WHAT TO PRODUCE
In the listing below, find each line that holds the string "nodules" and copy it.

DATASET CONTENT
* * *

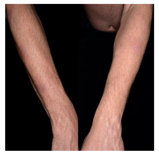
Fig. 3. Almost complete, partially scarred, healing of the nodules on the forearms after antibiotic therapy.

Intravenous therapy with penicillin G (10 mio IU, 3 times daily) for 14 days was initiated. In advance, the patient received oral Jarisch–Herxheimer reaction prophylaxis with 100 mg prednisolone. The therapy resulted in an improvement in skin findings, followed by almost complete healing of the nodules with partial scarring (Fig. 3). Follow-up was scheduled every 3 months during the first year after ending the treatment.
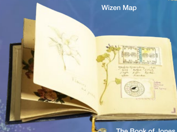
The Book of Jones
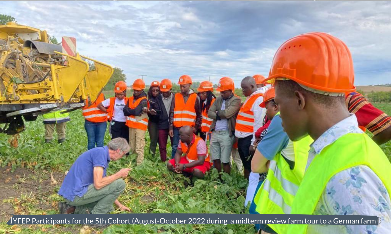
YFEP Participants for the 5th Cohort (August-October 2022 during a midterm review farm tour to a German farm 6

* * *

SOLUTION TO THIS TASK
Fig. 3. Almost complete, partially scarred, healing of the nodules on the forearms after antibiotic therapy.
Intravenous therapy with penicillin G (10 mio IU, 3 times daily) for 14 days was initiated. In advance, the patient received oral Jarisch–Herxheimer reaction prophylaxis with 100 mg prednisolone. The therapy resulted in an improvement in skin findings, followed by almost complete healing of the nodules with partial scarring (Fig. 3). Follow-up was scheduled every 3 months during the first year after ending the treatment.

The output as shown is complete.